◆ **About this task**:
When copying the data below, keep only the lines from the one with "Society Garlic features" through the one with "پازل شهر کودک", word for word, and skip the pictures.

◆ **Data for review**:
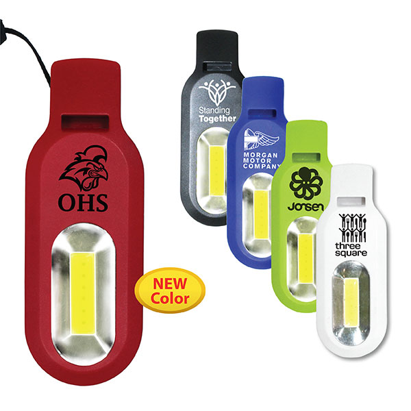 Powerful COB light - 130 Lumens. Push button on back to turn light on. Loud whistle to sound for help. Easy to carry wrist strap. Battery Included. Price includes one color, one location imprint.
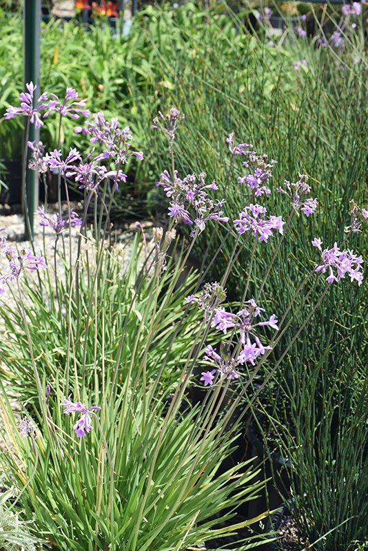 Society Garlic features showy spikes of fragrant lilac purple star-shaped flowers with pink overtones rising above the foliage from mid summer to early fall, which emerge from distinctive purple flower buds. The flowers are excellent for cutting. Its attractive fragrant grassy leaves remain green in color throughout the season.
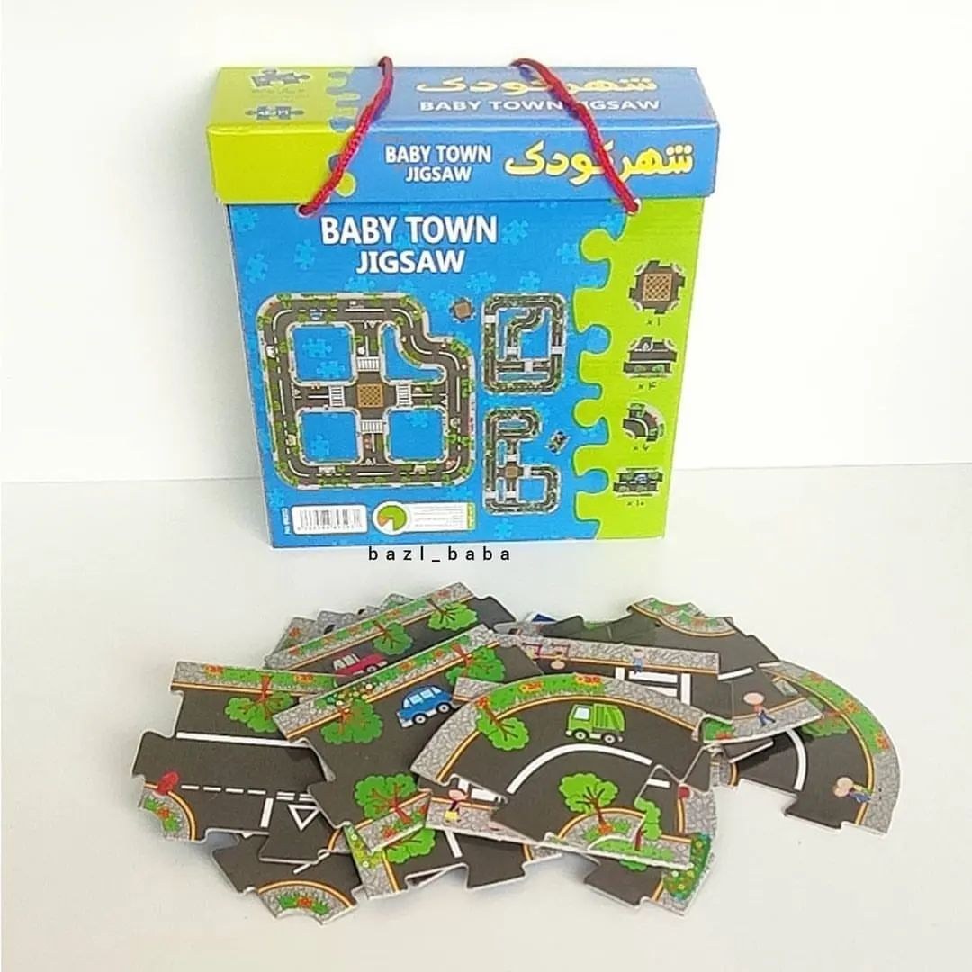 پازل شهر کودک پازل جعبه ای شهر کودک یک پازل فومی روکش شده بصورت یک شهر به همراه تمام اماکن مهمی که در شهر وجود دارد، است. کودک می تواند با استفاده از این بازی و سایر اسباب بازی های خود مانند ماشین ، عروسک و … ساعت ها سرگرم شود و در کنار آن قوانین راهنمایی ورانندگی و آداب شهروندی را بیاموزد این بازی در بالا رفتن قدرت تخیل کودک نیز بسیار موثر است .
==
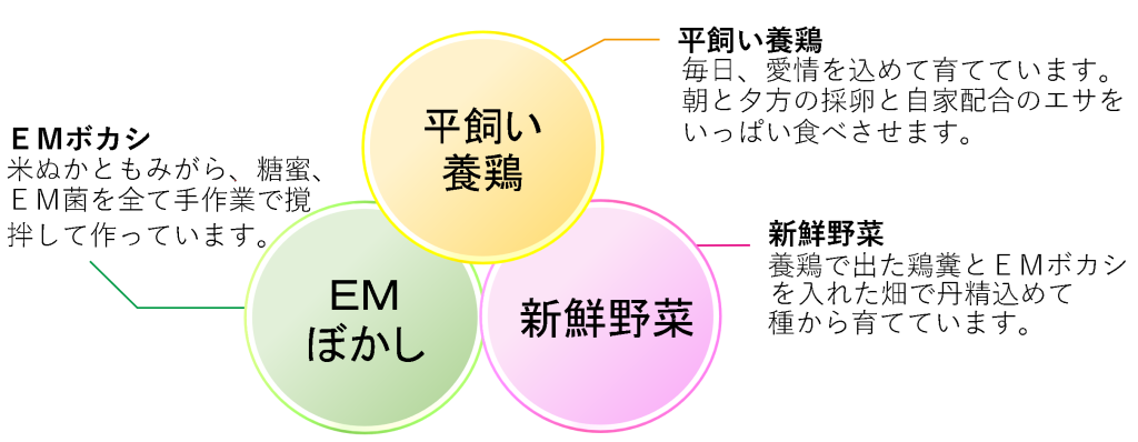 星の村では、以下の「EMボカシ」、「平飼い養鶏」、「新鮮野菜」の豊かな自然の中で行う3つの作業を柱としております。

◆ **Written answer**:
 Society Garlic features showy spikes of fragrant lilac purple star-shaped flowers with pink overtones rising above the foliage from mid summer to early fall, which emerge from distinctive purple flower buds. The flowers are excellent for cutting. Its attractive fragrant grassy leaves remain green in color throughout the season.
 پازل شهر کودک پازل جعبه ای شهر کودک یک پازل فومی روکش شده بصورت یک شهر به همراه تمام اماکن مهمی که در شهر وجود دارد، است. کودک می تواند با استفاده از این بازی و سایر اسباب بازی های خود مانند ماشین ، عروسک و … ساعت ها سرگرم شود و در کنار آن قوانین راهنمایی ورانندگی و آداب شهروندی را بیاموزد این بازی در بالا رفتن قدرت تخیل کودک نیز بسیار موثر است .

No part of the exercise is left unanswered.